Work order: Look below for the line that contains "Trong That Escalated" and the line that contains "この0.4mm厚の差からクロ", then restate both of them and every line in between, exactly. No picture goes in the copy.
Source data START
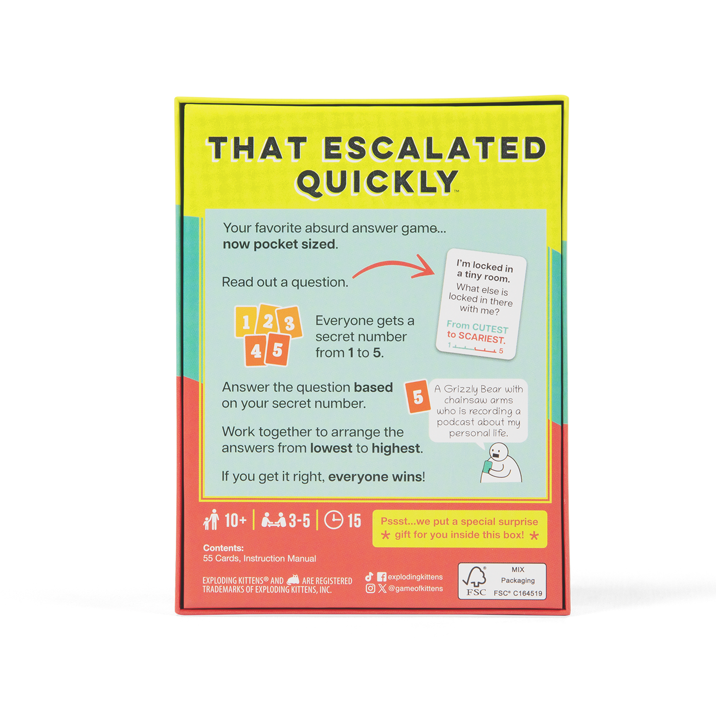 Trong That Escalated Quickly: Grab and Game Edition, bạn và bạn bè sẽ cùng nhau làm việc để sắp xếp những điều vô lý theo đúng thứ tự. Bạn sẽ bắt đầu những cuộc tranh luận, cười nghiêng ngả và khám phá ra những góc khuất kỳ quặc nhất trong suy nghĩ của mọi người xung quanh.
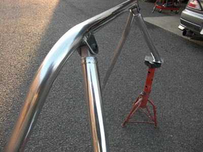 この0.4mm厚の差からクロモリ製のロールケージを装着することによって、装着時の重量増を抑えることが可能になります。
Source data END
Source data START
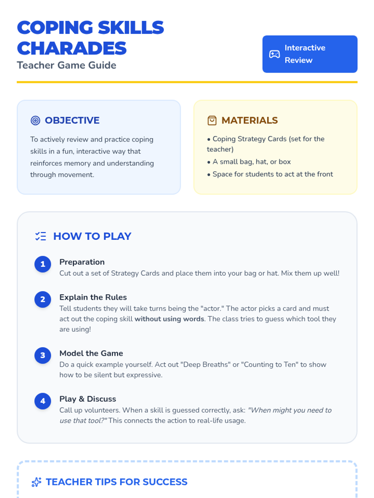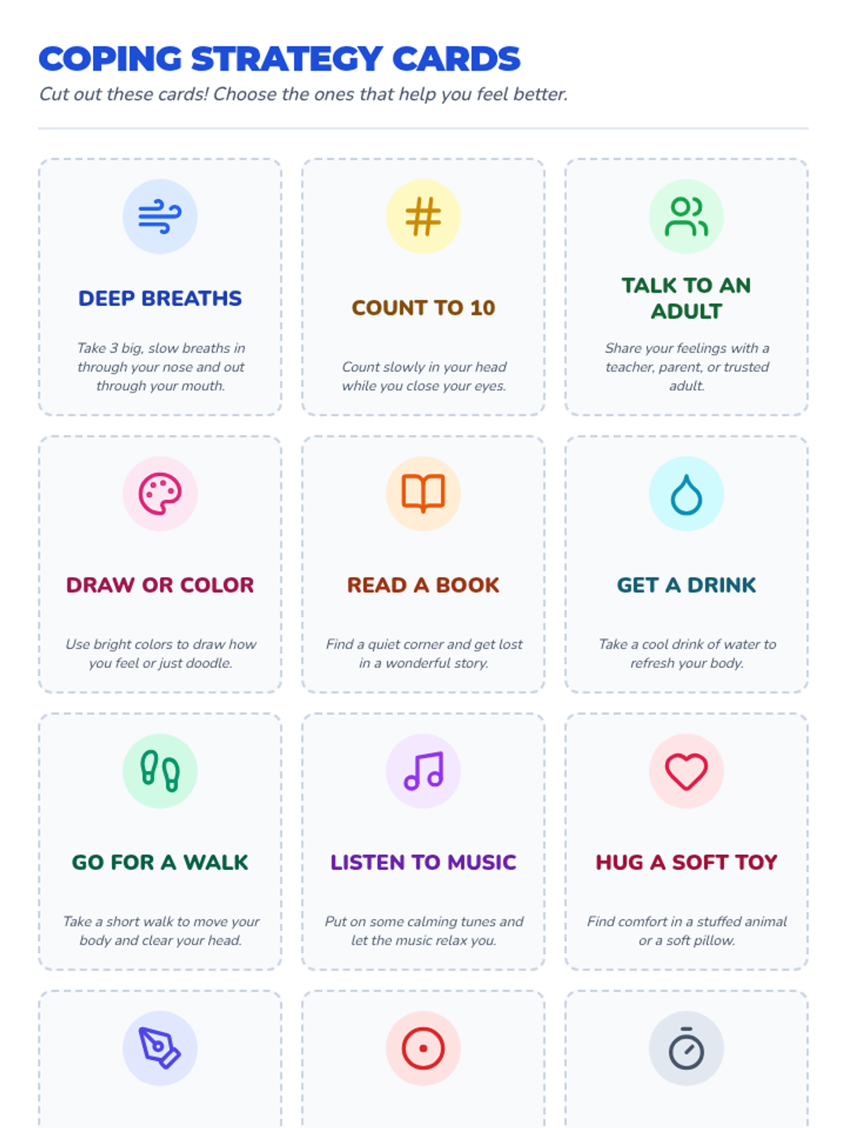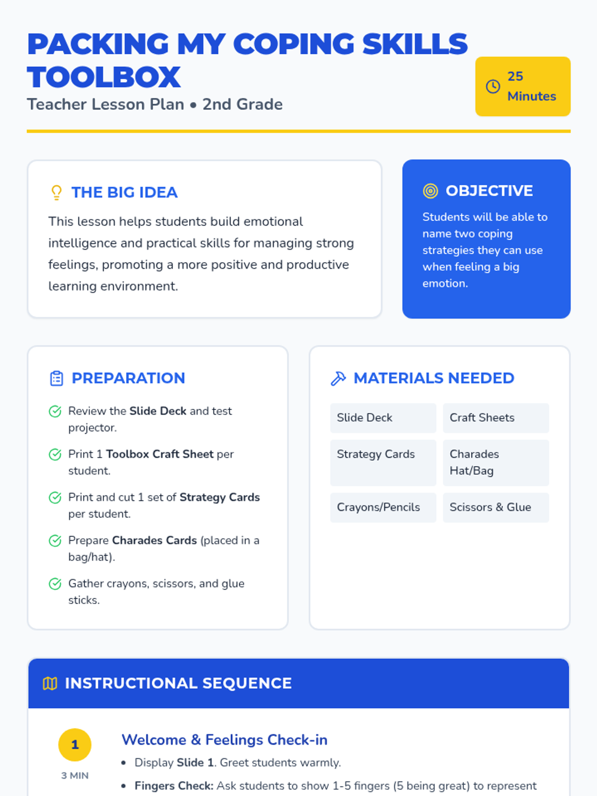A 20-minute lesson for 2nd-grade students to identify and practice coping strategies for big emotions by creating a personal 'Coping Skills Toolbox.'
Source data END
Reply to the task:
 Trong That Escalated Quickly: Grab and Game Edition, bạn và bạn bè sẽ cùng nhau làm việc để sắp xếp những điều vô lý theo đúng thứ tự. Bạn sẽ bắt đầu những cuộc tranh luận, cười nghiêng ngả và khám phá ra những góc khuất kỳ quặc nhất trong suy nghĩ của mọi người xung quanh.
 この0.4mm厚の差からクロモリ製のロールケージを装着することによって、装着時の重量増を抑えることが可能になります。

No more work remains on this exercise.